Figure 2. Serial change in the radiological measurements up to the final assessment in patients with Legg–Calvé–Perthes disease (LCPD) or developmental dysplasia of the hip (DDH) who were treated with proximal femoral varus osteotomy (PFVO) and Pemberton osteotomy. (A) Femoral neck-shaft angle of patients with LCPD. (B) Femoral neck-shaft angle of patients with DDH. (C) Femorotibial angle of patients with LCPD. (D) Femorotibial angle of patients with DDH. (E) Mechanical lateral distal femoral angle (mLDFA) of patients with LCPD. (F) mLDFA of patients with DDH. NS, not significant.
By contrast, the distribution of patients with knee malalignment on the affected (operative) and unaffected (non-operative) sides showed no significant difference eventually. On the affected limb, six patients developed genu varum (MAD > 50%), and 8 patients showed genu valgum (MAD < 50%). On the unaffected limb, 6 patients had MAD > 50%, and 8 patients progressed to MAD < 50%. Similarly, there was no significant difference in the tendency to develop valgus or varus ankle. There were more patients with TTA > 90° than TTA < 90° (11 versus 3, respectively) on the operative side. As to the normal side, there were 11 patients with TTA > 90° and 3 patients with TTA < 90°. Likewise, the mLDFA values of the affected limbs were not distinguishable from those of the unaffected limbs (85.8° ± 2.3° versus 87.1° ± 1.5°, p = 0.081) (Figure 2E). The performed varus angulation did not correlate well with the FTA, TTA, mLDFA, and MAD difference (final - preop). The final difference in leg length was 0.7 ± 0.9 cm with no significant difference (p = 0.798). The final radiographic measurements of the patients with LCPD are shown in Table 2. Serial radiographs of a patient with LCPD of the left hip underwent varus osteotomy and Pemberton procedure with 76-month follow-up are demonstrated in Figure 3.

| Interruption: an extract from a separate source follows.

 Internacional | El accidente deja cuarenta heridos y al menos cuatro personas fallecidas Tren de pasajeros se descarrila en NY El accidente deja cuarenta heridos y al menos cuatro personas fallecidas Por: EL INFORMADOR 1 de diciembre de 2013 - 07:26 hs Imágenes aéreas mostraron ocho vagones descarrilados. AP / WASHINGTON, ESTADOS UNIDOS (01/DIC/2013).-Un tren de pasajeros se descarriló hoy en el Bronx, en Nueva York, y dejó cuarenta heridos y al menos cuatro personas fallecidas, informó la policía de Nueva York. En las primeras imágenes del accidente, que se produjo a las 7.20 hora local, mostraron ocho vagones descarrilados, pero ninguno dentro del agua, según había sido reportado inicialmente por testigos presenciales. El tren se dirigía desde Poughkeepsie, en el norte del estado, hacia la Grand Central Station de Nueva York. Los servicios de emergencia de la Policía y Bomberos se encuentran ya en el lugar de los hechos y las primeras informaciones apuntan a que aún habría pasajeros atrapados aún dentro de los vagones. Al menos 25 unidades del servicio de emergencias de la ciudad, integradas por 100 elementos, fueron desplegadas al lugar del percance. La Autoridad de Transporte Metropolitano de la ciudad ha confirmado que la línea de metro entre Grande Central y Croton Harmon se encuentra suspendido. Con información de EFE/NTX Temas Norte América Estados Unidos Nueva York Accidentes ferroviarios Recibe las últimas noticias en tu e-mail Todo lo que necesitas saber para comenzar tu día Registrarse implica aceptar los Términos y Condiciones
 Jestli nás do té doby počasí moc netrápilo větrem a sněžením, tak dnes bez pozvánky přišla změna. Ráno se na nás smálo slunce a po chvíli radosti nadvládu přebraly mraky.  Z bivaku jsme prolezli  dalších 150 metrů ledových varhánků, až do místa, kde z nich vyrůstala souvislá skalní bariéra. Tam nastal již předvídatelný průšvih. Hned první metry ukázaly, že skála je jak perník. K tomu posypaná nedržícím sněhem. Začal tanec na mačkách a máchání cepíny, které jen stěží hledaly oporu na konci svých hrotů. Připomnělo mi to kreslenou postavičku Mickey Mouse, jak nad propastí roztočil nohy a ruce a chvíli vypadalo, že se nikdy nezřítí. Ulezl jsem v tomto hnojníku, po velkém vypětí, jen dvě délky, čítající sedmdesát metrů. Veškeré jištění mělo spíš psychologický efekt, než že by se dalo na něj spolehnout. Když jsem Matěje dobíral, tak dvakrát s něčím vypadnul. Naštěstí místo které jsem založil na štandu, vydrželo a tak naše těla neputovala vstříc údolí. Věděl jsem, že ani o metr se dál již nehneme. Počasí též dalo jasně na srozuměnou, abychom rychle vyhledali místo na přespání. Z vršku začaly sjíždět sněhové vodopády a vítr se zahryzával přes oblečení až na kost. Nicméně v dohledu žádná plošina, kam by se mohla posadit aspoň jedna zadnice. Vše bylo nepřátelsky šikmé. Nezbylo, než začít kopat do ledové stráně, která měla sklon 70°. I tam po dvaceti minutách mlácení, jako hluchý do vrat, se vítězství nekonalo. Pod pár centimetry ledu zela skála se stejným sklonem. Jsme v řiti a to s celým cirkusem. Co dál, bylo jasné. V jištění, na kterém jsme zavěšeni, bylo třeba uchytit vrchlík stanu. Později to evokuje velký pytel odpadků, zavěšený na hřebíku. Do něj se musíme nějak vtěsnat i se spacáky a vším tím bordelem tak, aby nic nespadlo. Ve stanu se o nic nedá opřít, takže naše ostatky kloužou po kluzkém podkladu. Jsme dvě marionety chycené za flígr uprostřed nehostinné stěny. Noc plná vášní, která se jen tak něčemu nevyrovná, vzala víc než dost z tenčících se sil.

Table 2. Differences in the radiographic examination in the affected and unaffected limbs of patients with LCPD at the final assessment (mean ± SD).
Figure 3. A boy aged 6 years 4 months with Legg–Calvé–Perthes disease (LCPD) who underwent the index procedures. (A) A preoperative standing anteroposterior pelvis view. (B) A postoperative anteroposterior pelvis view. (C) The latest standing anteroposterior pelvis view 76 months after the operation. (D) A preoperative scanogram. (E) The latest scanogram 76 months after the operation.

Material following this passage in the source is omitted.